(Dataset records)
—————

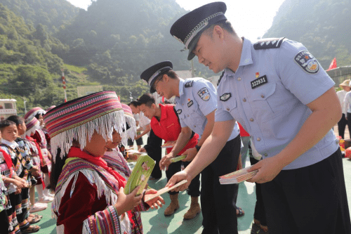 民警与少数民族儿童进行互动。蒙正欢 摄
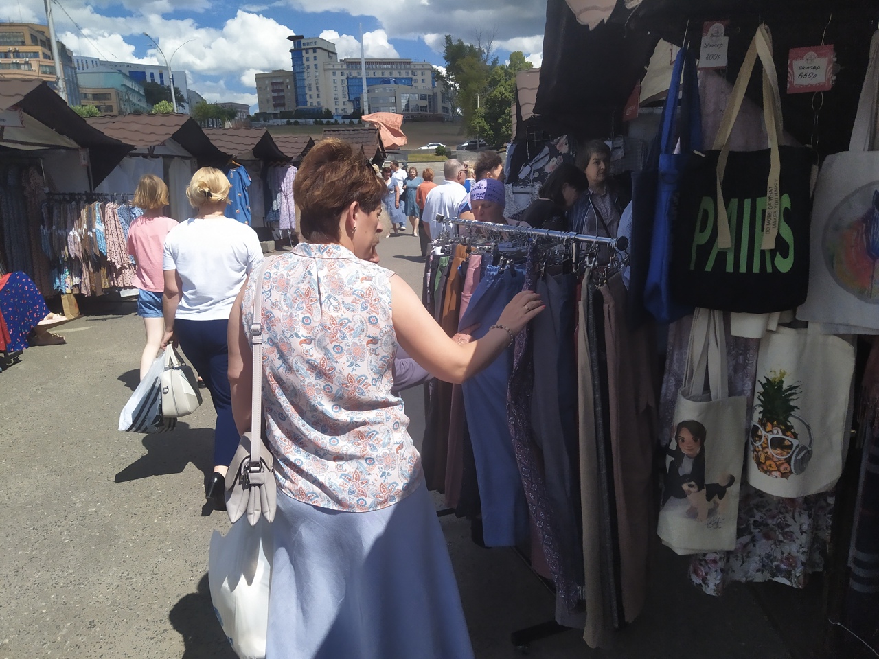 Это одежда, текстиль, сумки, косметика, кожаные аксессуары и другие востребованные покупателями товары. Сергей Стародубцев, ознакомившись с ассортиментом и ценами, заявил, что все товары высокого качества, и он планирует посетить торговые ряды уже вместе с семьей.
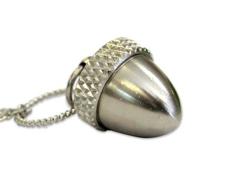 Silver Acorn Pendant Necklace Capsule Locket Vial - Stainless Steel Cremation Ash Urn Secret Stash Necklace - Personalized Pet Sympathy Gift
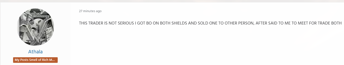You can wait for a long time because you won't have this shield, I prefer to sell it to Hate Core if he is still interested.
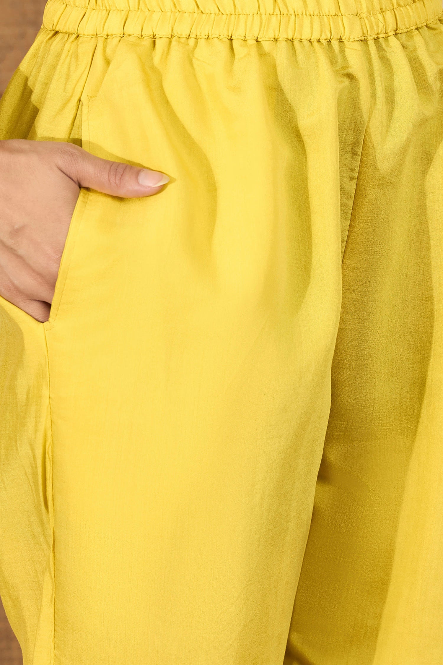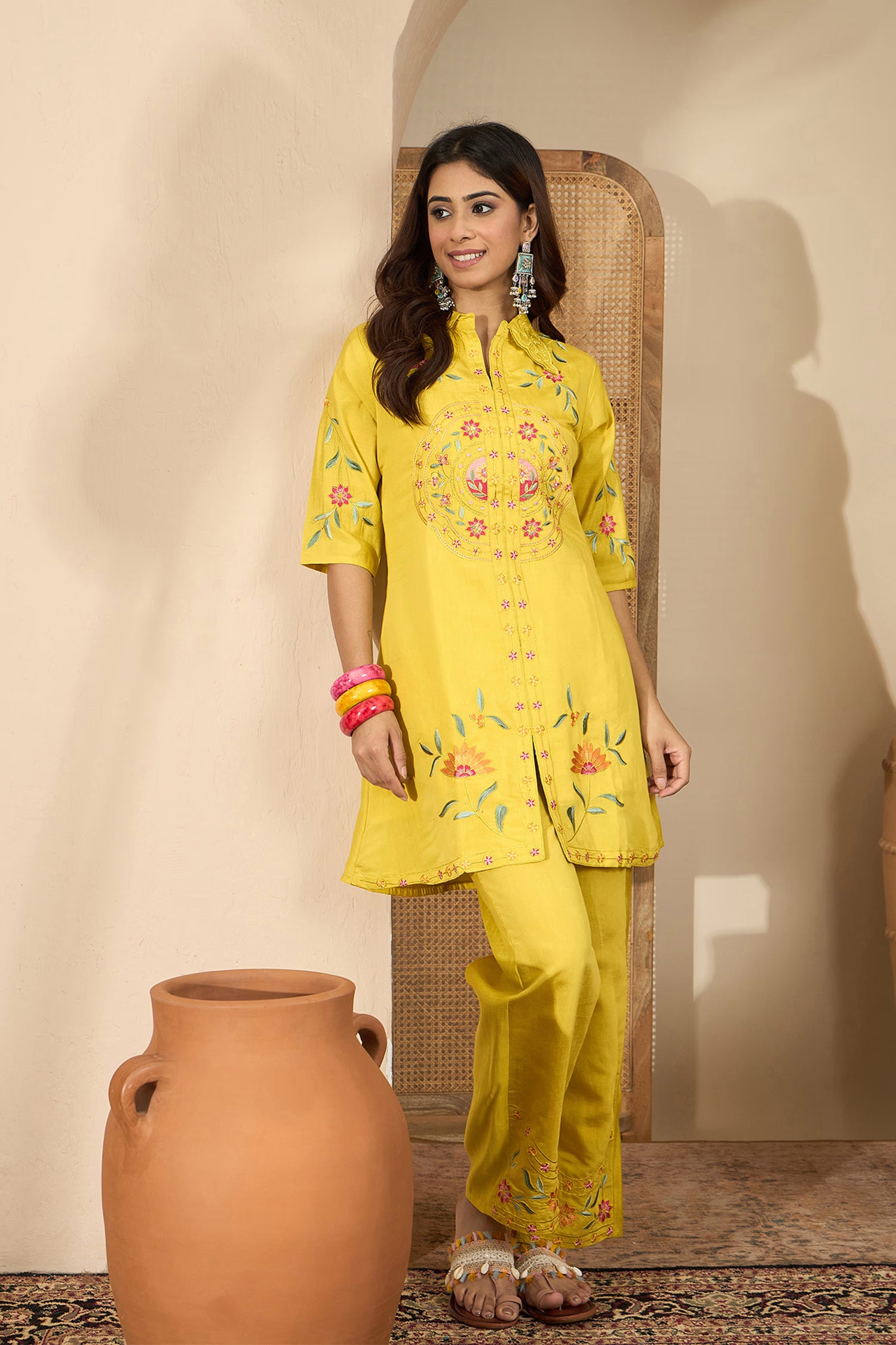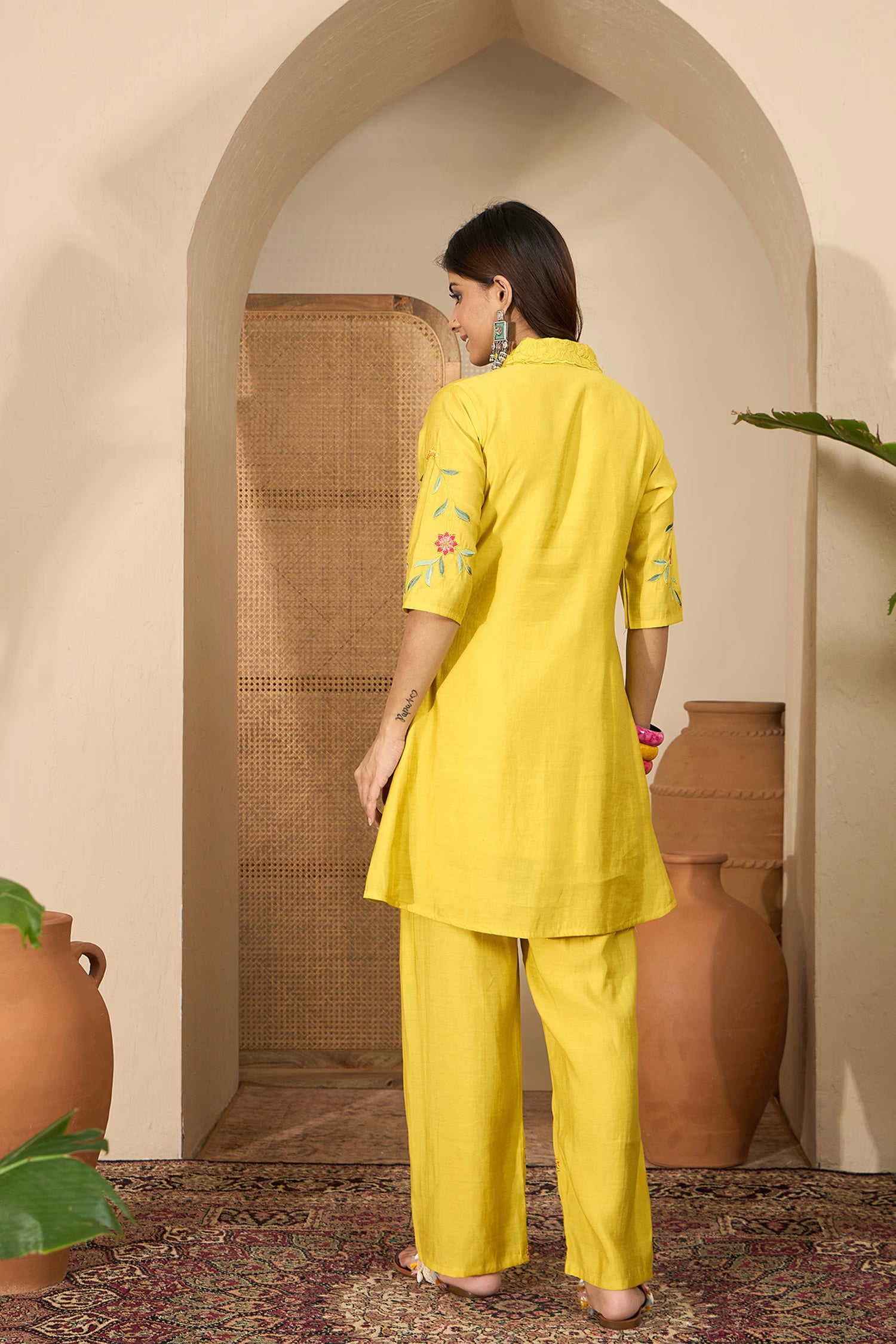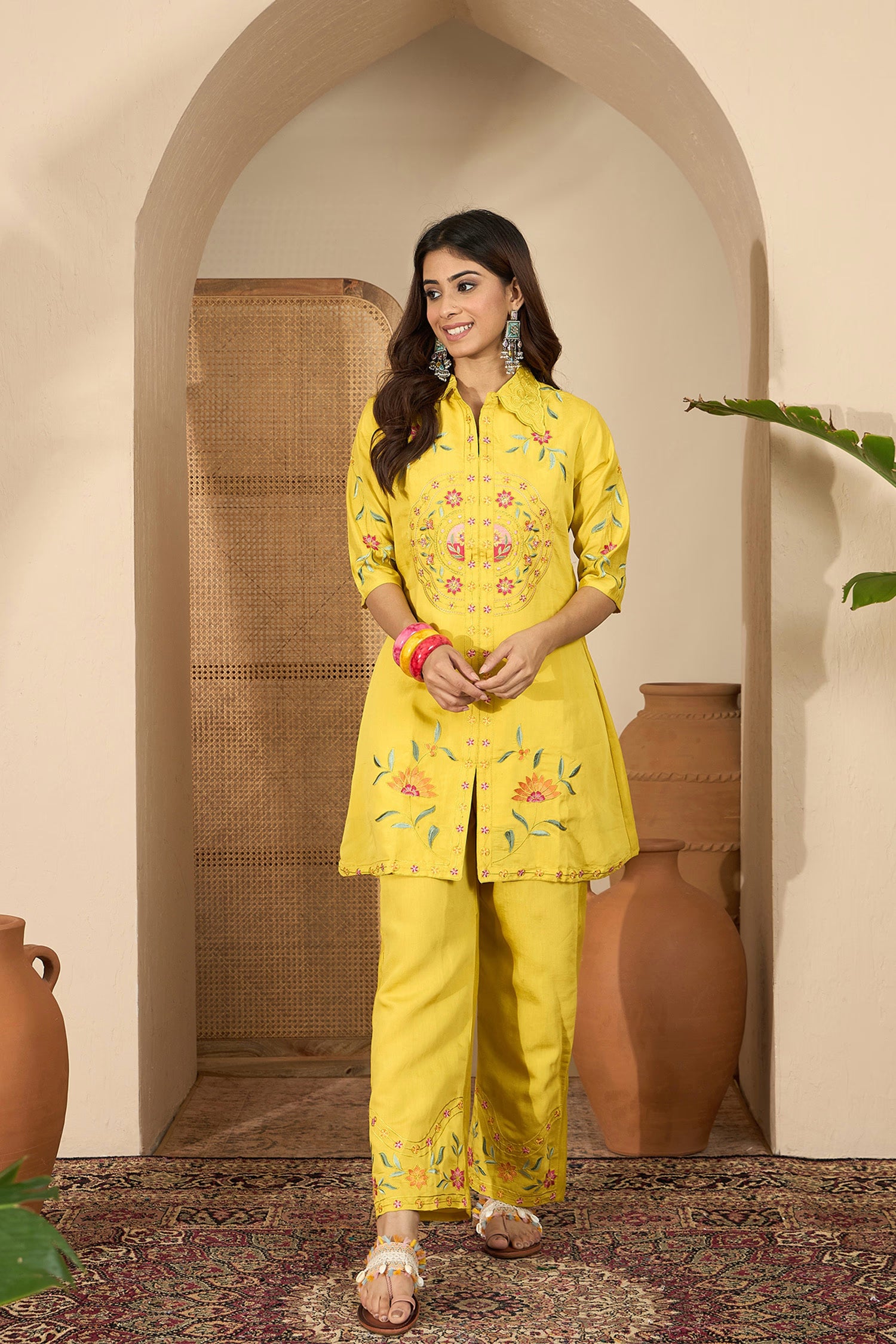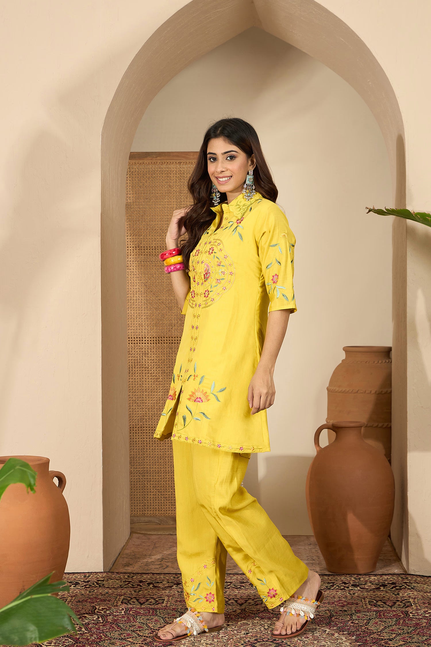 The modern bright yellow floral thread embroidered polyester co-ord set with matching top and bottom for a stylish way of dressing.
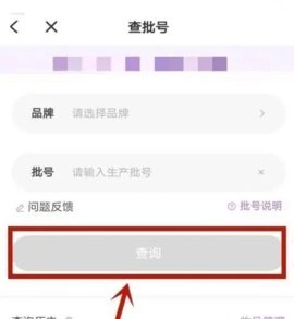 2.进入批号查询界面后,输入需查询的品牌名称与产品批号,接着点击“查询”按钮。
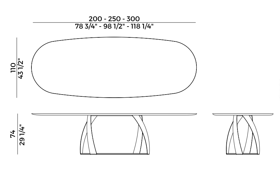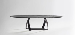 Table with elongated base and rectangular top in Canaletto walnut, marble or transparent tempered glass. Materials as per collection.
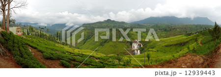 The panorama of tea plantations in Nuwara Eliya, Sri Lanka
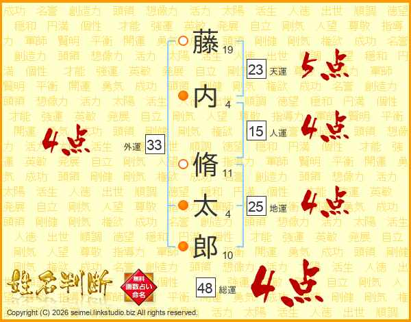 藤内脩太郎さんの総運は48画の4点!
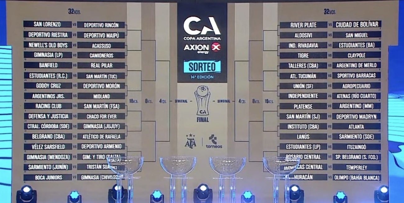 Por su parte, Boca hará su estreno ante Gimnasia de Chivilicoy; River se medirá con Ciudad de Bolívar; San Lorenzo ante Deportivo Rincón y Racing e Independiente harán lo propio con San Martín (F) y Atenas (RC), respectivamente. A su vez, Newell´s se enfrentará a Acassuso y Rosario Central a Sportivo Belgrano.
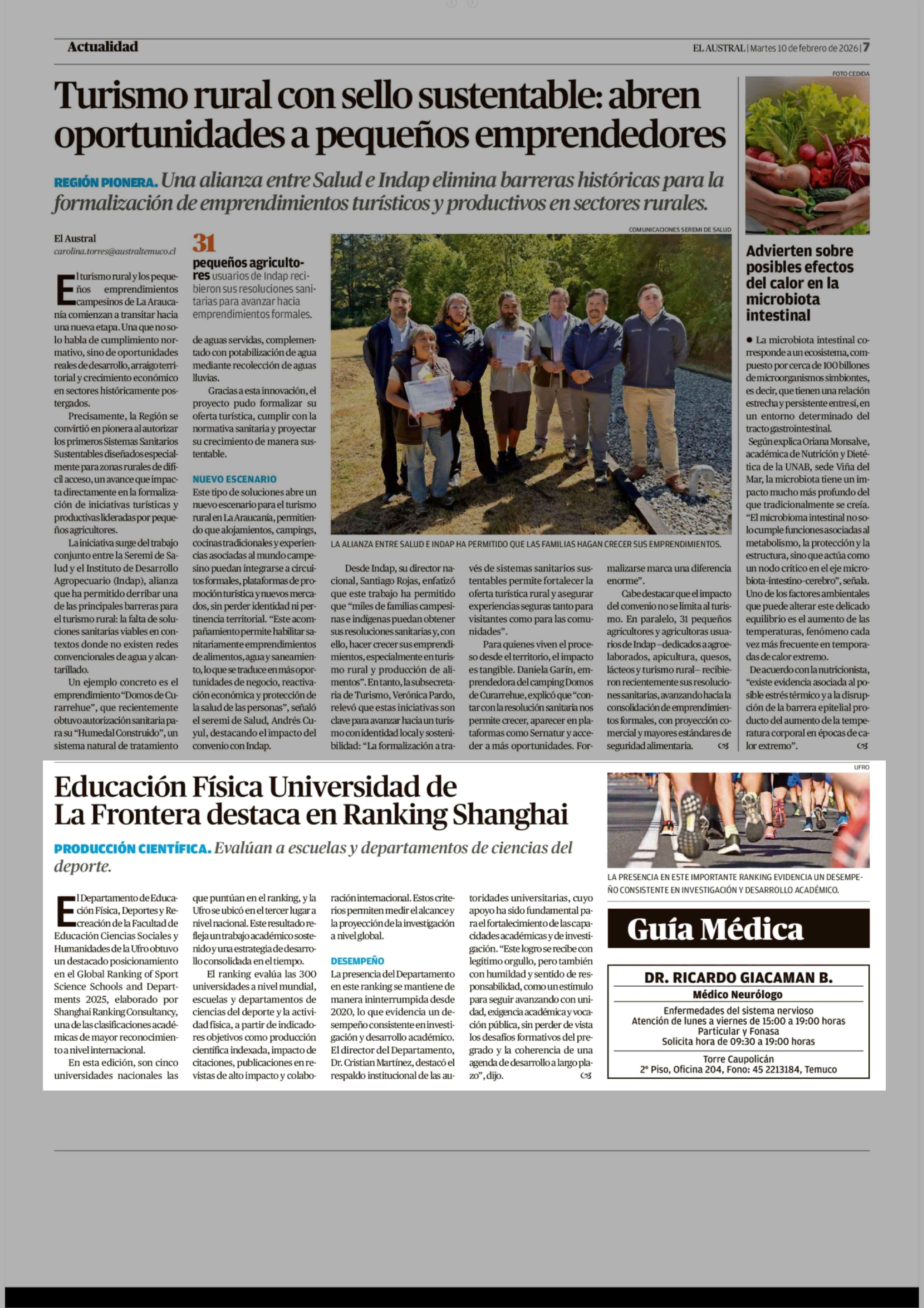 Educación Física Universidad de La Frontera destaca en Ranking Shanghai 10-02-2026 El Austral de la Araucanía |

—————

WHAT IS EXPECTED ▸
Above are the records; repeat their lines from the first through the line containing "Silver Acorn Pendant", and leave out each picture.

COMPLETED EXERCISE ▸
 民警与少数民族儿童进行互动。蒙正欢 摄
 Это одежда, текстиль, сумки, косметика, кожаные аксессуары и другие востребованные покупателями товары. Сергей Стародубцев, ознакомившись с ассортиментом и ценами, заявил, что все товары высокого качества, и он планирует посетить торговые ряды уже вместе с семьей.
 Silver Acorn Pendant Necklace Capsule Locket Vial - Stainless Steel Cremation Ash Urn Secret Stash Necklace - Personalized Pet Sympathy Gift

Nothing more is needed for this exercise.